Two films featured “Captain Starlight” and his companions, the Marston brothers, from a well-known novel, Robbery Under Arms (1888), and another “Captain Midnight”, from a popular touring stage production. These were characters based on Captain Thunderbolt, who had gained a particular reputation as a “gentleman bandit”. The Squatter’s Daughter was a film version of a popular stage melodrama in which “Ben Hall” played a part, A Bushranger’s Ransom was taken from a touring stage company’s version of an incident in Hall’s career, and Moondyne (1913) was based on a novelization of episodes from the real Moondyne Joe’s life.

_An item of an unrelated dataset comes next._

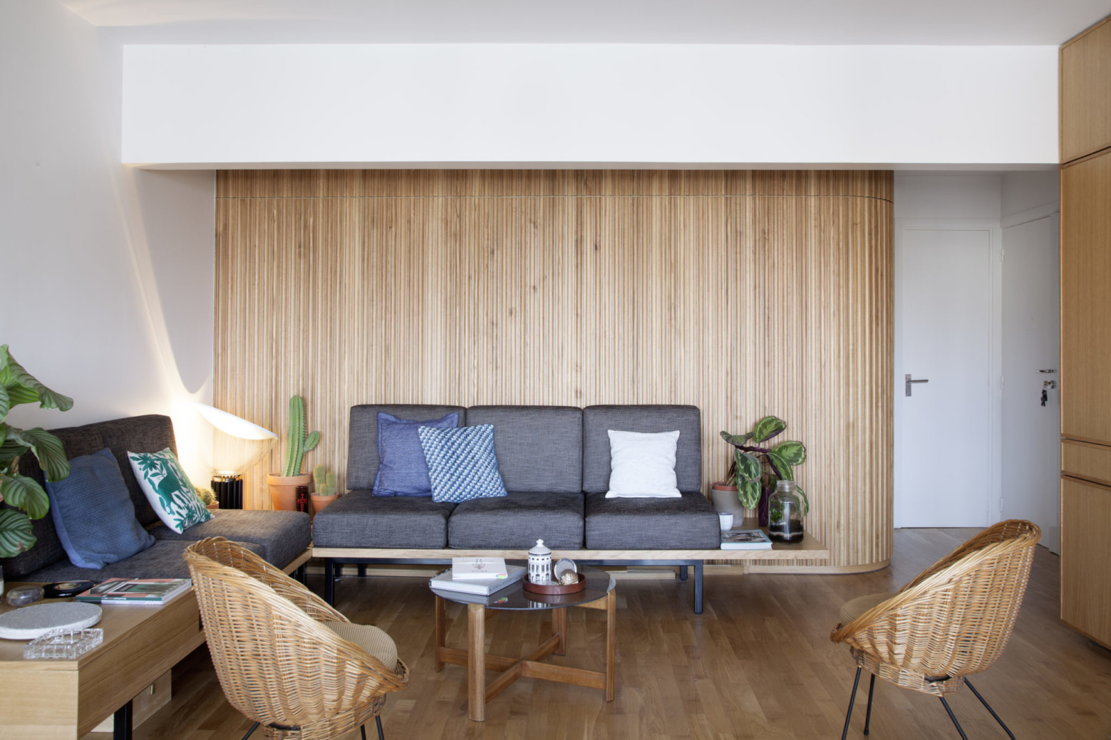 Chez Paolo, on rentre tout de suite dans le vif du sujet ! Accès direct dans le séjour le long d’une cloison en bois qui camoufle élégamment la buanderie.

The term “bushranger” can mean many things, but for the purposes of this paper, it seems best to begin with an understanding of it as referring to Australian rural bandits. Such outlaws had existed in the colony from 1790 at least. In 1851 the discovery of gold in rural areas of Victoria and New South Wales seems to have provided the conditions for an increase in outlaw activity, or at least for increased public and official attention to such activity. It is generally accepted that bushranging ceased in 1880, with the hanging of Ned Kelly, although this hardly seems likely. Still, all of the bushrangers featured in early films come from the “bushranging decades” of 1860-1880. This is not surprising, for the bushrangers of this period were particularly celebrated and condemned in newspapers, ballads and local stories and their exploits were much written about, staged and illustrated. Bushrangers, especially these bushrangers, continued to be objects of intense popular interest well into the twentieth century.

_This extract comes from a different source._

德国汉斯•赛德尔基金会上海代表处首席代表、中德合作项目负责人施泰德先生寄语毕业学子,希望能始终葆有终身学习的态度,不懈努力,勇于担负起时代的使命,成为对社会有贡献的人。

The success of TSOTKG spawned imitations. TSOTKG itself was entirely or partly remade by its original producers in 1910, and from 1907 to November of 1910 at least five other fiction films were released, two of which were obviously concerned with bushrangers: Robbery Under Arms (1907) and The Life And Adventures Of John Vane, The Notorious Australian Bushranger (1910). Robbery Under Arms was based on a novel which has been adapted for the Australian screen many times, including another multi-reel version released in 1911 as Captain Starlight. The Life And Adventures Of John Vane recounted the career of an actual bushranger who was most famous for having reformed. It is possible that this film may have been intended as a counterblast to TSOTKG, which had tended to sympathize with the viewpoint of its outlaw hero and which had been banned in certain parts of Victoria in 1907.

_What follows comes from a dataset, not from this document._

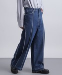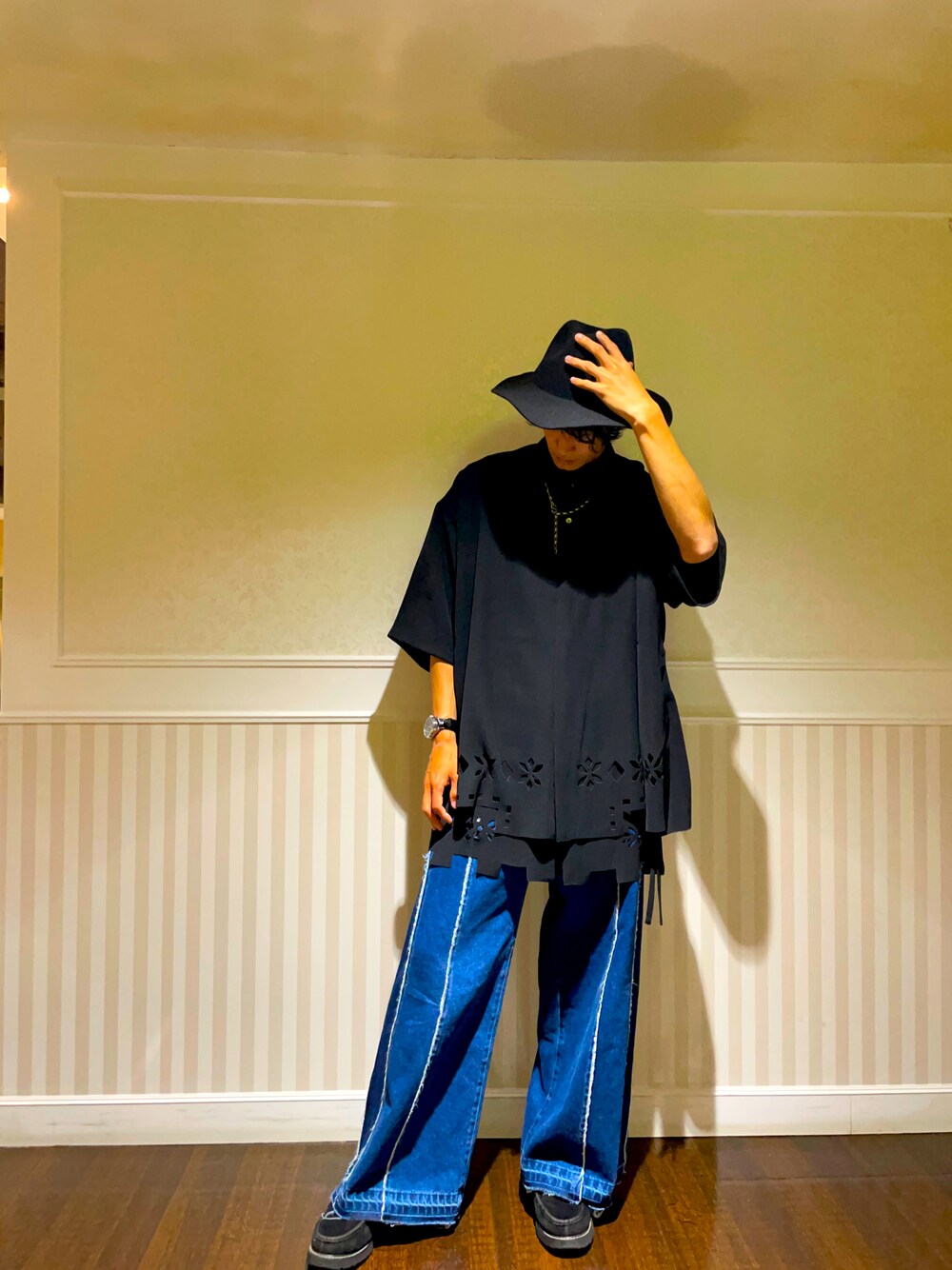 最近トレンドのデザイン性が高いデニムパンツとレザーカットが目を引くデザインのシャツで合わせました! 少しデニムの丈感が長めなのでSでちょうど良いサイズ感です!

A third film of this period was based upon a popular play in which a bushranger was conspicuously featured. This was The Squatter’s Daughter, a feature of perhaps 6000 feet directed, in part written by, and starring, Bert Bailey, who was to make further significant contributions to the Australian cinema as an actor and writer in the 1930s. The character of Ben Hall, an extremely popular bushranger who had been shot by New South Wales police in 1865, is given a villainous role in an otherwise fictional story of two sheep stations, one of which is owned and managed by a woman. The Squatter’s Daughter was remade in a “modernized” version in 1933 in which the bushranging elements of the story were eliminated.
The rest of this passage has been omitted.